_TASK PROMPT_:
Search the listing below for the string "with" and copy every line where it occurs.

_INFORMATION GIVEN_:
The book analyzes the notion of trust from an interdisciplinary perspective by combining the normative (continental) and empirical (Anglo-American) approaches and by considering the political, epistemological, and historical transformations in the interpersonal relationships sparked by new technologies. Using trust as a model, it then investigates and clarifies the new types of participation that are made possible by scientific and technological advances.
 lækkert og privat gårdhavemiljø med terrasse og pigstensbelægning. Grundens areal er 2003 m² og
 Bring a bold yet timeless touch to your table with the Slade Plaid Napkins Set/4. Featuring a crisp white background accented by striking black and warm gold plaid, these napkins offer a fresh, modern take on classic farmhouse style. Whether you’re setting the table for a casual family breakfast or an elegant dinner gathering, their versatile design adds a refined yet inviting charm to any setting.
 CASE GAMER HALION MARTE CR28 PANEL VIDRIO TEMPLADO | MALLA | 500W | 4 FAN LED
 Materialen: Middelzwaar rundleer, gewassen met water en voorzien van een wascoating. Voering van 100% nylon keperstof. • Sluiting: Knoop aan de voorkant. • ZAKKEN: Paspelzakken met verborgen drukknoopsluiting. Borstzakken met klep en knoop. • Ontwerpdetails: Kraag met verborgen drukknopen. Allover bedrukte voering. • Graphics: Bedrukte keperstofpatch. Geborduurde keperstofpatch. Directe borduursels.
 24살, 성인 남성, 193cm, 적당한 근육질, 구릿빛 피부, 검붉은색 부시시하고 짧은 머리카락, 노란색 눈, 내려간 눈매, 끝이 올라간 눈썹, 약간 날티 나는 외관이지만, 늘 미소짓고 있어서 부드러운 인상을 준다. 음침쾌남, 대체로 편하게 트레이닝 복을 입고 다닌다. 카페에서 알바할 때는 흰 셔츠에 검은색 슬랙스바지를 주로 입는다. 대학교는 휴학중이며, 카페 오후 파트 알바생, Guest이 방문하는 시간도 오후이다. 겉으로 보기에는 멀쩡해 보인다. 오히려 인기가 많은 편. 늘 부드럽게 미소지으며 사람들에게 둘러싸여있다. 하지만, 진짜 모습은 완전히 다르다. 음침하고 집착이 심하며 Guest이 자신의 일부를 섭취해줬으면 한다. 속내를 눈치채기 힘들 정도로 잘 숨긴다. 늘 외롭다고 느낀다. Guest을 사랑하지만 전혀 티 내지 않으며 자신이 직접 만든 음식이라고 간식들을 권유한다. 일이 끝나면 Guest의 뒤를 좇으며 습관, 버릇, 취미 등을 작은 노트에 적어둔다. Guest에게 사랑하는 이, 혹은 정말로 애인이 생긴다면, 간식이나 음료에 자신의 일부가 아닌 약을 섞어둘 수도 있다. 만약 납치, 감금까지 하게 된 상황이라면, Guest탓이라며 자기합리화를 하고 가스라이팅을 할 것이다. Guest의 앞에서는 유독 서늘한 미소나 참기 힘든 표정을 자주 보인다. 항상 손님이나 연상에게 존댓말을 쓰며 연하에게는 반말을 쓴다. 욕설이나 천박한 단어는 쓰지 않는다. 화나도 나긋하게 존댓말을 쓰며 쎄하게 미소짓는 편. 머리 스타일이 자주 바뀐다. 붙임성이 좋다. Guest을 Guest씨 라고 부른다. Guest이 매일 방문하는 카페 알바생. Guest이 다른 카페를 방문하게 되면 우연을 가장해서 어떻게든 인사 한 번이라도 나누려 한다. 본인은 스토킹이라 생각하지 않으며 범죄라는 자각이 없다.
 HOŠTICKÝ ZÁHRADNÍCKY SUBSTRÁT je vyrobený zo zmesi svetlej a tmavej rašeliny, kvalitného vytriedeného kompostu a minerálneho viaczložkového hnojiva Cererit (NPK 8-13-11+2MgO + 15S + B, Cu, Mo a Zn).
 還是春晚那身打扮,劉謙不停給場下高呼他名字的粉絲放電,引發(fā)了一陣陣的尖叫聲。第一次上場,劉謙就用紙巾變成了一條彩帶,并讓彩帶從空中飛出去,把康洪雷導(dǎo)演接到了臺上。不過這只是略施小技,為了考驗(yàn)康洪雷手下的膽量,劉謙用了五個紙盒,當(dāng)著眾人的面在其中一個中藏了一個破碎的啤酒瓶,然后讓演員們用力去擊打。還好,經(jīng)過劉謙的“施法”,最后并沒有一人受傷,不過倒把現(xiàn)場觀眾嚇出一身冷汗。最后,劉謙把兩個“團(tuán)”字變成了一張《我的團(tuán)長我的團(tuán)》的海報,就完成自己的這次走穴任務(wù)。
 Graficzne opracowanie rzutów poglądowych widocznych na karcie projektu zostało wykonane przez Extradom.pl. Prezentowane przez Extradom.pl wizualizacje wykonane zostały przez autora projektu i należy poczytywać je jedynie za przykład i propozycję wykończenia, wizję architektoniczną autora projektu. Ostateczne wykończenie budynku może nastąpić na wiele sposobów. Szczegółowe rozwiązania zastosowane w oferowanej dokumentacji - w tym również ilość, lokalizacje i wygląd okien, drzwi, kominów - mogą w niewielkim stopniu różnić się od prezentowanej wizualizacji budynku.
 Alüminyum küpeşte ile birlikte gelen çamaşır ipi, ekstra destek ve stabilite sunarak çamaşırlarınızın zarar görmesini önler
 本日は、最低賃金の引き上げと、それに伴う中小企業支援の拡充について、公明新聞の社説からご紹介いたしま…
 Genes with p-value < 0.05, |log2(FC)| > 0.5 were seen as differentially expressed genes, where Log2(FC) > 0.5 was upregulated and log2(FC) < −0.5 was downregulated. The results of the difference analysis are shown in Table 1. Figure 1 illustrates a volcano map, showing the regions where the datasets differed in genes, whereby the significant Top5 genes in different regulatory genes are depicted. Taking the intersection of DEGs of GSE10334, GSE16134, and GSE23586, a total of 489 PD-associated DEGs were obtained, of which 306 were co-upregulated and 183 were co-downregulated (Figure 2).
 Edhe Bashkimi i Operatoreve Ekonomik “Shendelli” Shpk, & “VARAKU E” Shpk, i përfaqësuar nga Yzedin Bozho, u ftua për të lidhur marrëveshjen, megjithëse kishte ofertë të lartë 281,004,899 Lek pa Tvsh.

_SOLUTION TO THIS EXERCISE_:
 Bring a bold yet timeless touch to your table with the Slade Plaid Napkins Set/4. Featuring a crisp white background accented by striking black and warm gold plaid, these napkins offer a fresh, modern take on classic farmhouse style. Whether you’re setting the table for a casual family breakfast or an elegant dinner gathering, their versatile design adds a refined yet inviting charm to any setting.
 Genes with p-value < 0.05, |log2(FC)| > 0.5 were seen as differentially expressed genes, where Log2(FC) > 0.5 was upregulated and log2(FC) < −0.5 was downregulated. The results of the difference analysis are shown in Table 1. Figure 1 illustrates a volcano map, showing the regions where the datasets differed in genes, whereby the significant Top5 genes in different regulatory genes are depicted. Taking the intersection of DEGs of GSE10334, GSE16134, and GSE23586, a total of 489 PD-associated DEGs were obtained, of which 306 were co-upregulated and 183 were co-downregulated (Figure 2).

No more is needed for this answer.